─── INPUT DATA

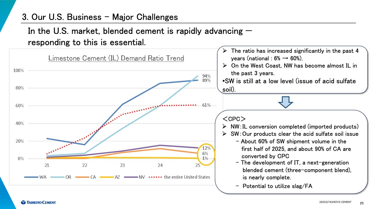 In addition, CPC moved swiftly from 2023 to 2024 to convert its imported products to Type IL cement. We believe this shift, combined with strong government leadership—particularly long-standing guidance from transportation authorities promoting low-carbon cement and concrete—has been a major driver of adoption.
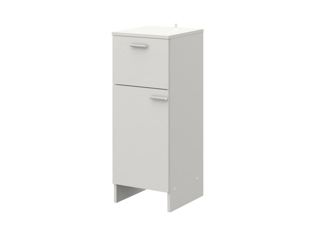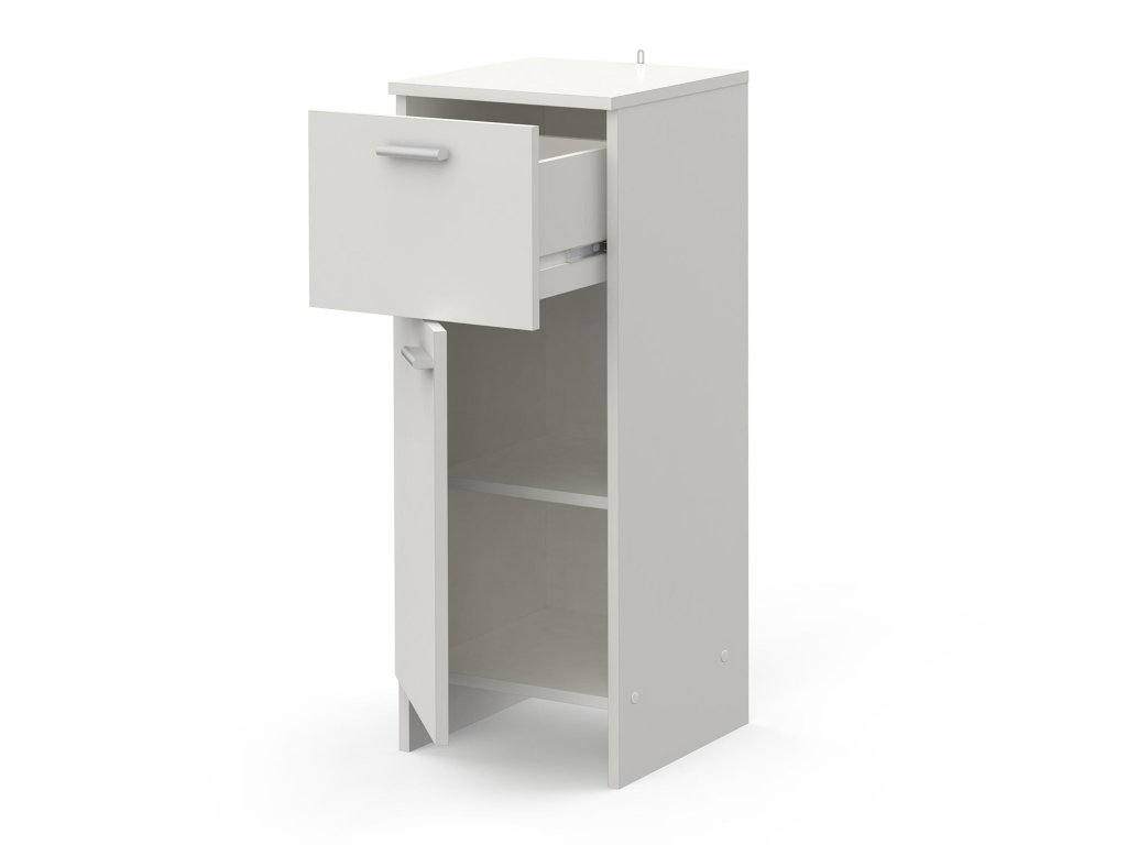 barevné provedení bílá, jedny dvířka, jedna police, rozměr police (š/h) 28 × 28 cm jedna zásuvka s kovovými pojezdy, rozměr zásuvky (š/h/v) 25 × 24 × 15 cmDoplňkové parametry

──────
─── INPUT DATA

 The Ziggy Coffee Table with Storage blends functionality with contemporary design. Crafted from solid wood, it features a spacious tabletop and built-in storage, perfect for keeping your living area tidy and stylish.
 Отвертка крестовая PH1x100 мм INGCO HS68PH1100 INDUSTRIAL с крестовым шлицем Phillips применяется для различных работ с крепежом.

──────
─── INPUT DATA

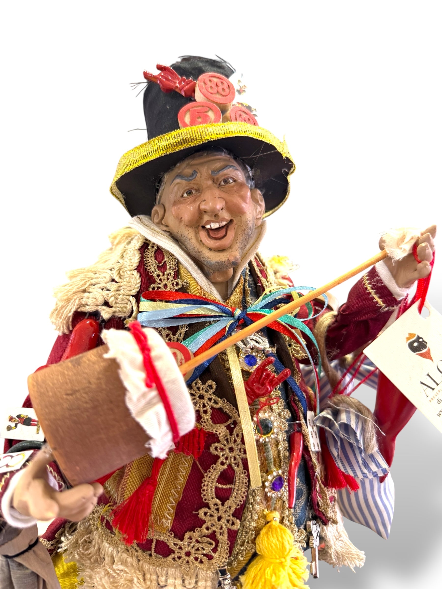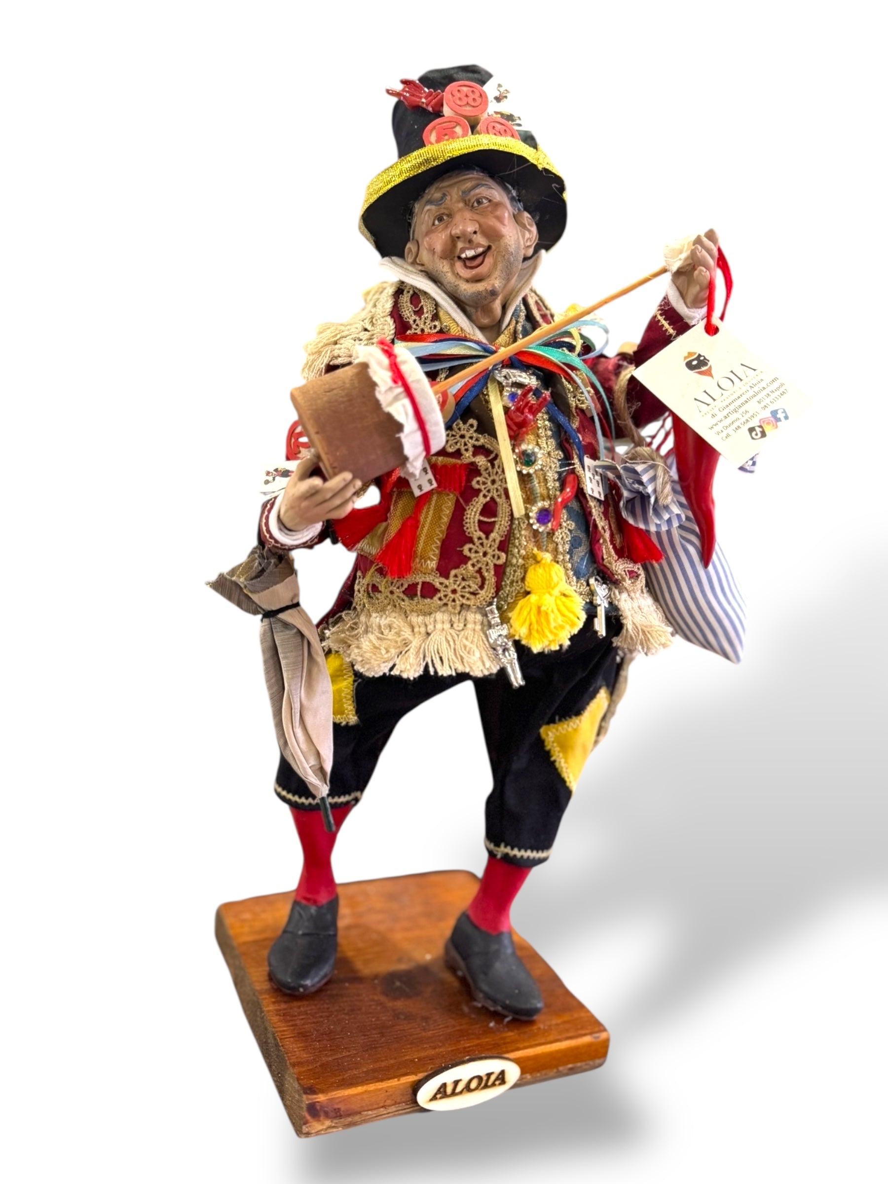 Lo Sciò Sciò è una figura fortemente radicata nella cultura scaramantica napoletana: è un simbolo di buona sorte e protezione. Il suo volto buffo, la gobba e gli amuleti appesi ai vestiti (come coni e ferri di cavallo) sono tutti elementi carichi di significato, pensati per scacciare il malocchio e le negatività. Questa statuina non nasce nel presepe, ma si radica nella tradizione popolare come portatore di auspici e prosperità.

──────

▶ _WHAT YOU NEED TO DO_: Among the lines above, the one with "In addition, CPC" opens the part to repeat and the one with "barevné provedení bílá, jedny" closes it; repeat only that part exactly, with no pictures.

▶ _EXERCISE RESULT_:
 In addition, CPC moved swiftly from 2023 to 2024 to convert its imported products to Type IL cement. We believe this shift, combined with strong government leadership—particularly long-standing guidance from transportation authorities promoting low-carbon cement and concrete—has been a major driver of adoption.
 barevné provedení bílá, jedny dvířka, jedna police, rozměr police (š/h) 28 × 28 cm jedna zásuvka s kovovými pojezdy, rozměr zásuvky (š/h/v) 25 × 24 × 15 cmDoplňkové parametry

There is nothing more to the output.